Re: Synchronizing slots from primary to standby - Mailing list pgsql-hackers

From shveta malik
Subject Re: Synchronizing slots from primary to standby
Date
Msg-id CAJpy0uCRykgTBwu9tTTdxxcM-r9FAerAO4yJgWZc7MFb-06gSw@mail.gmail.com
Whole thread Raw
In response to Re: Synchronizing slots from primary to standby  (Peter Smith <smithpb2250@gmail.com>)
List pgsql-hackers
On Tue, Oct 10, 2023 at 12:52 PM Peter Smith <smithpb2250@gmail.com> wrote:
>
> On Mon, Oct 9, 2023 at 9:34 PM shveta malik <shveta.malik@gmail.com> wrote:
> >
> > On Wed, Oct 4, 2023 at 8:53 AM Peter Smith <smithpb2250@gmail.com> wrote:
> > >
> > > Here are some review comments for v20-0002.
> > >
> >
> > Thanks Peter for the feedback.
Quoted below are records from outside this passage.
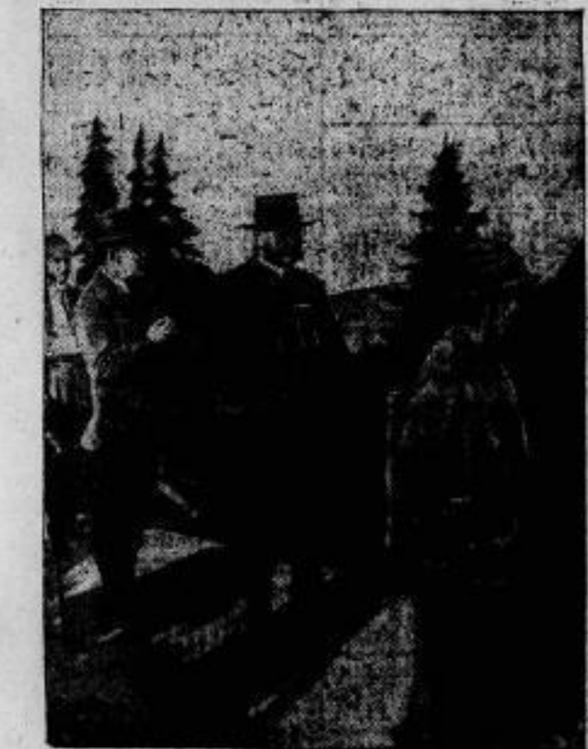
Der Reichspräsident im Urlaub. Reichspräsident v. Hindenburg in den Bayerischen Alpen.

Anstelle der Pferde als Zugkraft, ist jetzt die tschechische schwere Artillerie mit Traktoren versehen worden, was nicht nur eine Beschleunigung des Vormarsches, sondern auch eine Ersparnis an Material ermöglicht.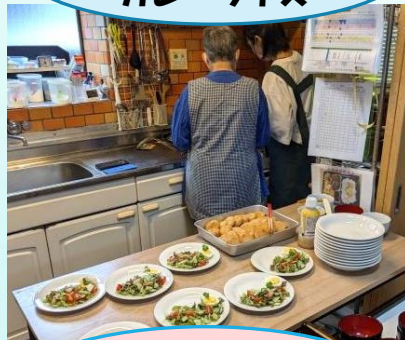
おしゃれなランチ 完成!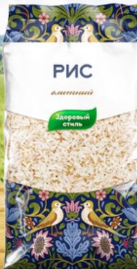
Рис пропаренный ЗДОРОВЫЙ СТИЛЬ 800 г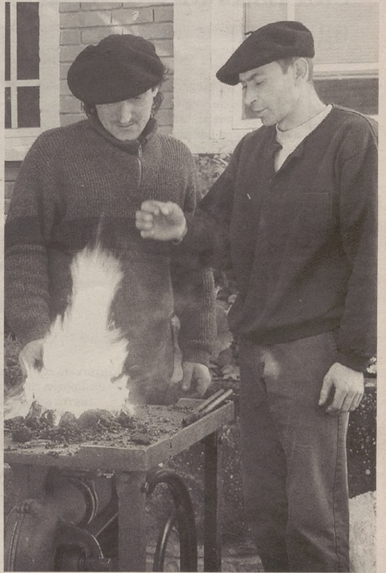
Errementariak zelan lan egiten zuten erakutsi zuten Suoker taldekoek.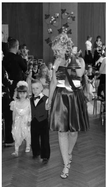
Ar zvanu ceļā uz skolu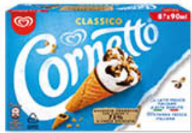
ALGIDA CORNETTO CLASSICO X 8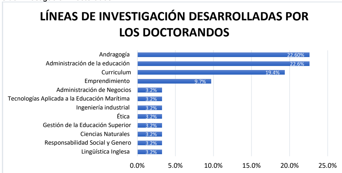
Líneas de investigación Doctorados

Nota: Se evidencia en la gráfica las diferentes líneas de investigación que desarrollan las tesis doctorales los estudiantes encuestados.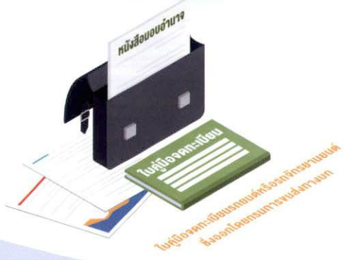
ใบคู่มือจดทะเบียนรถยนต์หรือรถจักรยานยนต์ ซึ่งออกโดยกรมการขนส่งทางบก

2.1 ใบคู่มือจดทะเบียนรถยนต์หรือรถจักรยานยนต์ ซึ่งออกโดยกรมการขนส่งทางบก กรณีผู้เดินทางมิได้เป็นเจ้าของรถ จะต้องมียังหนังสือมอบอำนาจจากเจ้าของรถที่แสดงเจตนาอนุญาตให้ผู้เดินทางนำยานพาหนะนั้นออกไปนอกราชอาณาจักรเป็นการชั่วคราว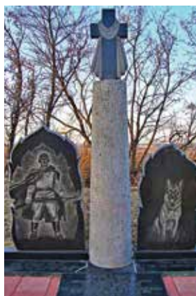
Памятник в с. Легедзино (Украина)

Заканчивался июль 1941-го. Отдельный батальон погранвойск под командованием майора Лопатина прикрывал отход штабных частей Уманской группировки. В состав батальона входило 500 пограничников и 150 служебных собак. На войне собакам трудно. Нет условий содержания, нет корма, даже выгулять собаку нормально нельзя.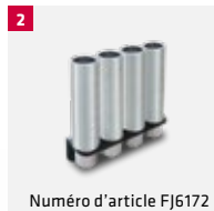
Numéro d'article FJ6172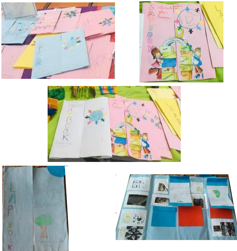
Imagem 02: Registros de Lapbooks sobre Direitos Humanos construídos por alunos do 3º Ano dos Anos Iniciais do Ensino Fundamental da Escola Estadual Marechal Castelo Branco – Uberlândia/MG.

criação do lapbook sobre Direitos Humanos os alunos fizeram desenhos, recortes de revistas, textos e dobraduras conforme representados na Imagem 02.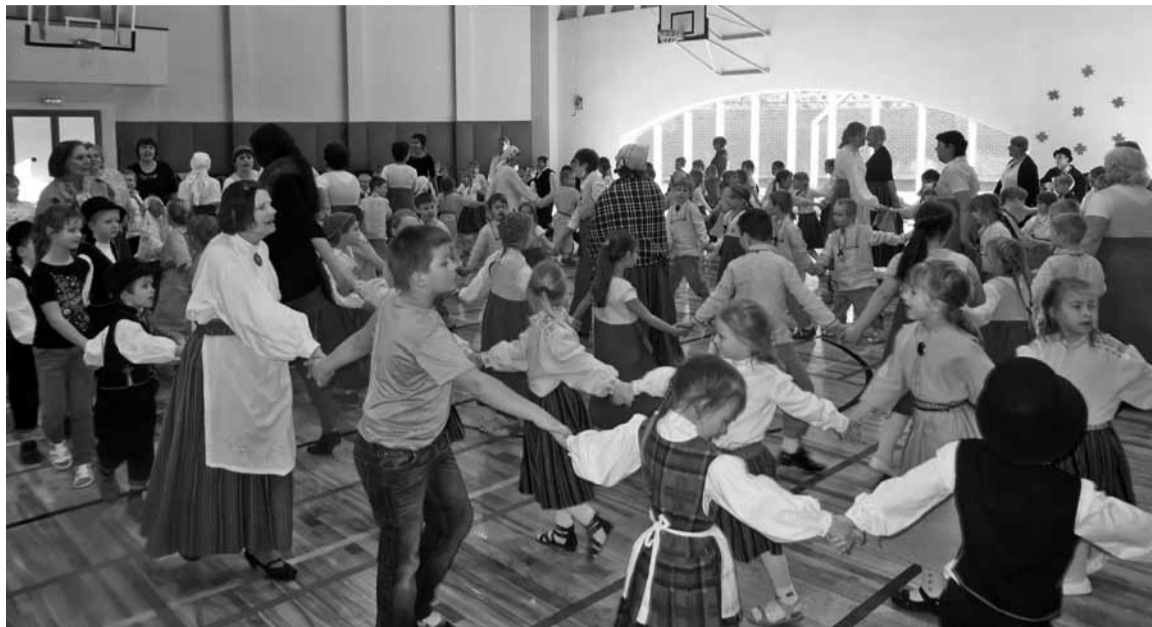
Latse saive Eimtaln volklooripäeväl ütenkuun lusti.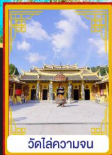
วัดไถ่ความจน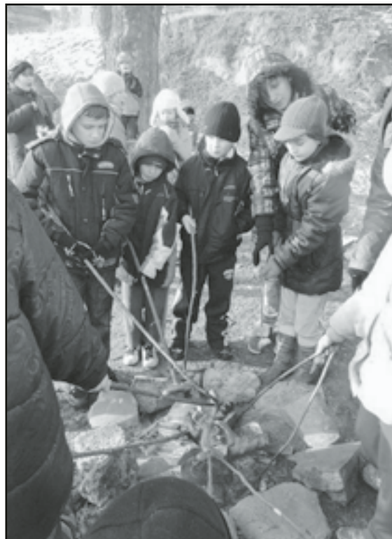
Pieczone kiełbaski smakowały wyśmienicie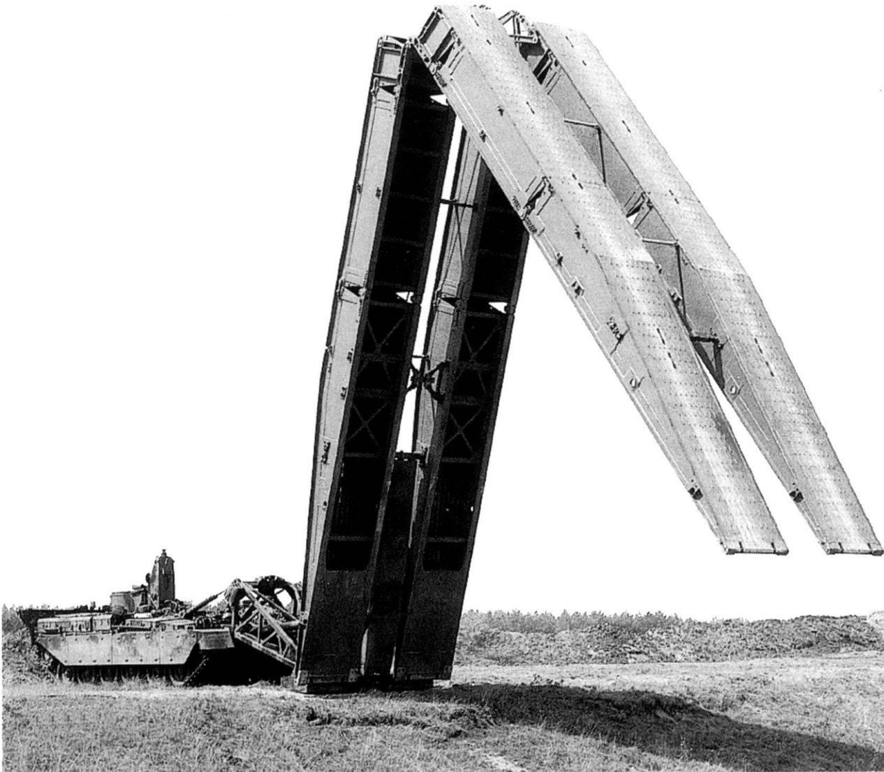
Le BR 90, le nouveau système de pont révolutionnaire.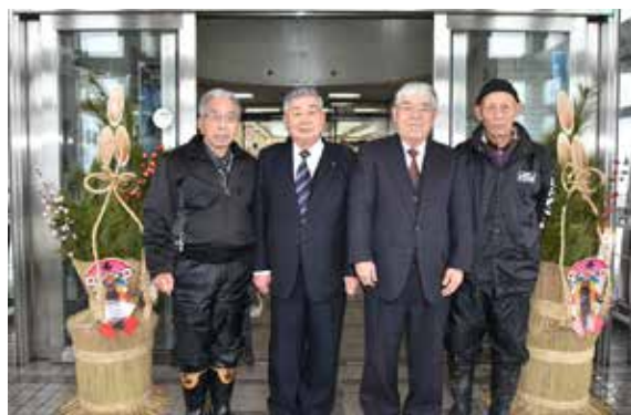
左から小檜山さん、前後町長、増子理事長、佐藤さん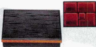
⑩ヘギ目松花堂 黒淵朱(D.X仕切付) 9寸 外寸: 272×211×H60mm (1206610) 材質: ABS樹脂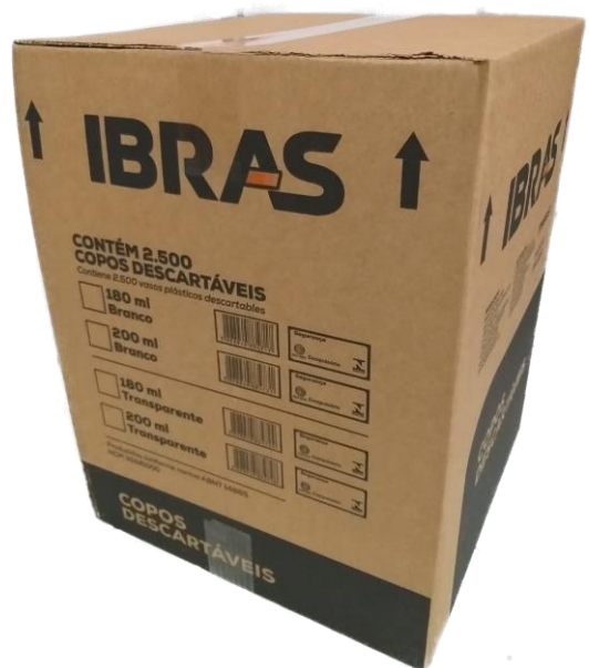
Ilustrações da caixa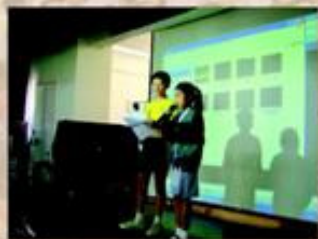
由學生擔任小司儀，介紹參賽者出場。

音樂科為了提高學生歌唱的興趣和技巧，舉辦了一個卡拉OK比賽。比賽於五月至七月午膳後小息進行，分初賽和決賽，決賽於期終試後進行。是次比賽，參加的同學十分踴躍，共35組同學參加，效果十分理想。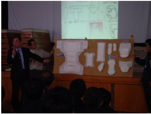
「福祉商品の開発」で起業家の話しを聞く (修学院中学校)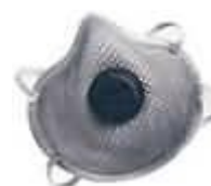
2310N95 Partículas Premium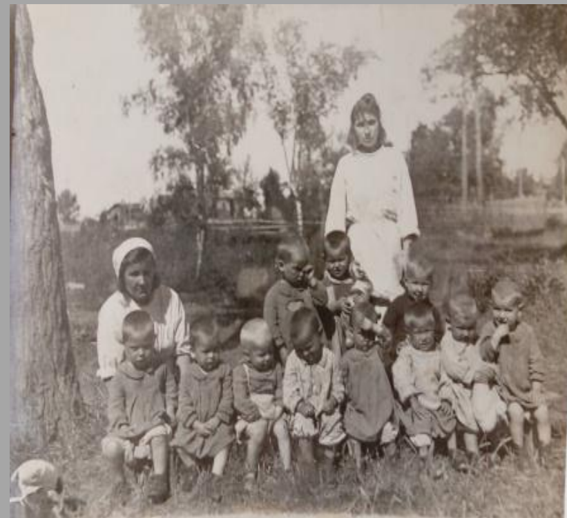
1947 год - очень голодный. Жена работала в яслях.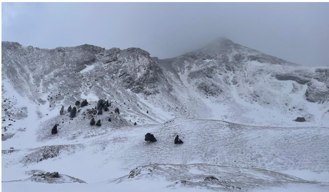
Paisatge escombrat pel fort vent del nord-oest, a Espot-Picardes (Pallaresa). La intensa ventada va generar moltes deflacions i va deixar el terra nu a molts vessants exposats.

Comments from 31 till end are addressed
> > in v22. First 30 comments will be addressed in the next version.
> >
>
> Thanks for addressing my previous comments.
>
> I checked those and went through other changes in v22-0002 to give a
> few more review comments below.
>

Thank You for your feedback. I have addressed these in v23.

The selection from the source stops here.